I nodded. “He knows very little. Miss Pinton is twenty-three or twenty-four, from somewhere out west. Though quite attractive, she never married, has no family to speak of, never had a single visitor to the house.”
“You are right that Dr. Lavey knows very little, but to our advantage. I am certain you have already considered that a housemaid may meet all kinds of ruffians on her errands for her master.”
“Yes, Holmes, I did think just that. I asked Lavey to tell me the location of every household mission he had sent her on in the last weeks. I have recorded them on the map of Boston in McNally’s guidebook, with a mark in red for his house.” I showed this to Holmes, who seemed extremely pleased by it.
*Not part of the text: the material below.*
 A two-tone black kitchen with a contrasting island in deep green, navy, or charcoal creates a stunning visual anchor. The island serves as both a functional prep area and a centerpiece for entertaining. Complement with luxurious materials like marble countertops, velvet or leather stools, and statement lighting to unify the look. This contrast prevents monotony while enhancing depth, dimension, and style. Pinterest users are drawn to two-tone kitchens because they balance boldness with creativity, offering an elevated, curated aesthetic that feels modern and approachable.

“Excellent, Watson! This shall be critical in time in understanding the crime.”
“There was one other thing, Holmes. I thought it might be promising, but it turned out rather useless. When Lavey left here the other day in quite a state, I had urged him to remain but he said, ‘She is gone; I must take care of her.’ I thought it a queer phrase considering.”
“Yes, I see why.”
“This morning, I asked my friend in his cell, whom he had gone to take care of, whether it was perhaps a patient of his. It was my suspicion, as a matter of fact, that it was a mistress he was concerned about.”
“A fine line of questioning, Watson. And did he tell you about the little animal?”
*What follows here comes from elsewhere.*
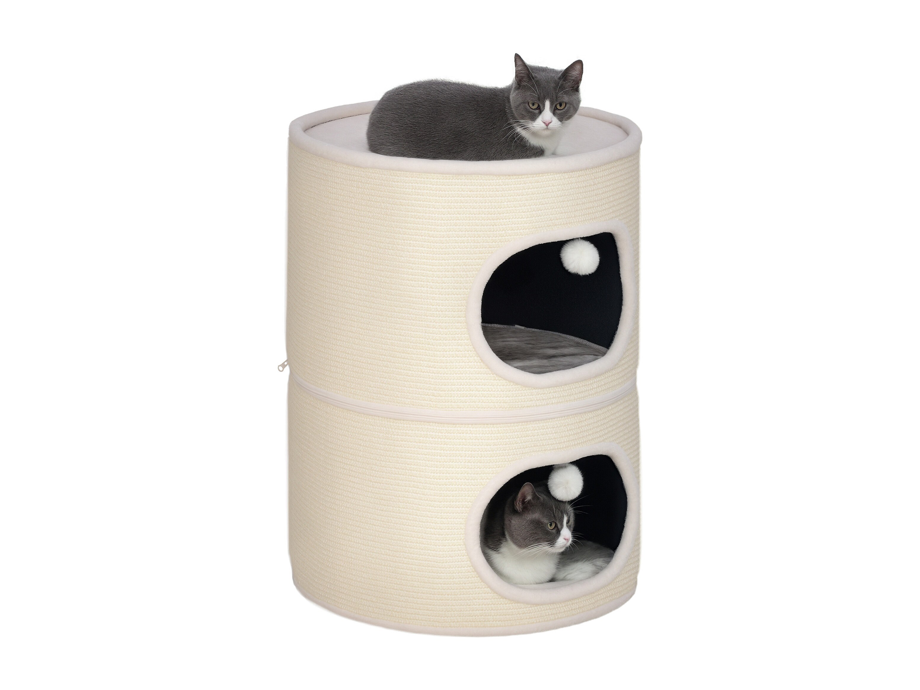Tour pour chat modulable zippée 3 parties - tonneau griffoir chat 2 pompons - sisal naturel peluche crème

“Why, Holmes, you astound me still! Exactly!” I cried. “Lavey looked at me with a blank stare, then said, ‘Oh, no. I meant only I had to take care of Mollie, the wretched kitten Mary had brought into the house the other day.’ But Holmes, how did you know his strange words had referred to a pet?”
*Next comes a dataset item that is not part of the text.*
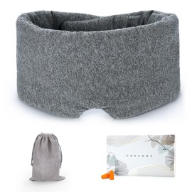 FRESHME Cotton Eye Mask for Sleeping in Gift Box - Soft and Adjustable Extensions Sleep Mask with Earplugs and Pouch for Women and Men, Blackout Cover for Night Travel Relaxation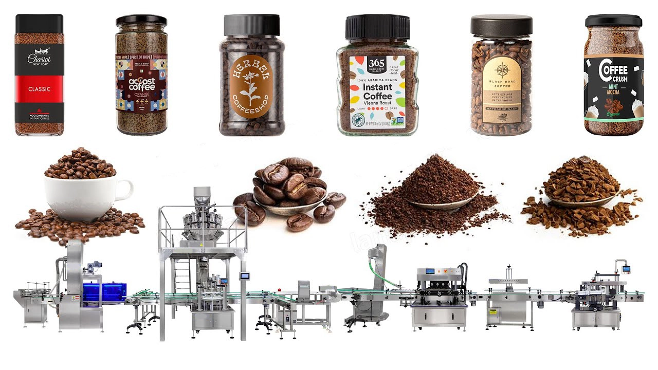 آلة تعبئة وتغليف وتسمية زجاجات حبيبات حبوب القهوة الأوتوماتيكية المربعة المستديرة

Holmes waved this away and smiled. “A trivial deduction little worthy of talk, Watson. If Lavey and his maid were united in the care of another being in their quiet household, by which Mary’s sudden absence burdened her master, it was most likely to be a domestic animal and no doubt, with his recent mood, any pet too large or unseemly would have already met with expulsion. I shall say no more on the subject for now, so that we may begin to gather one or two important particulars you have failed to consider.”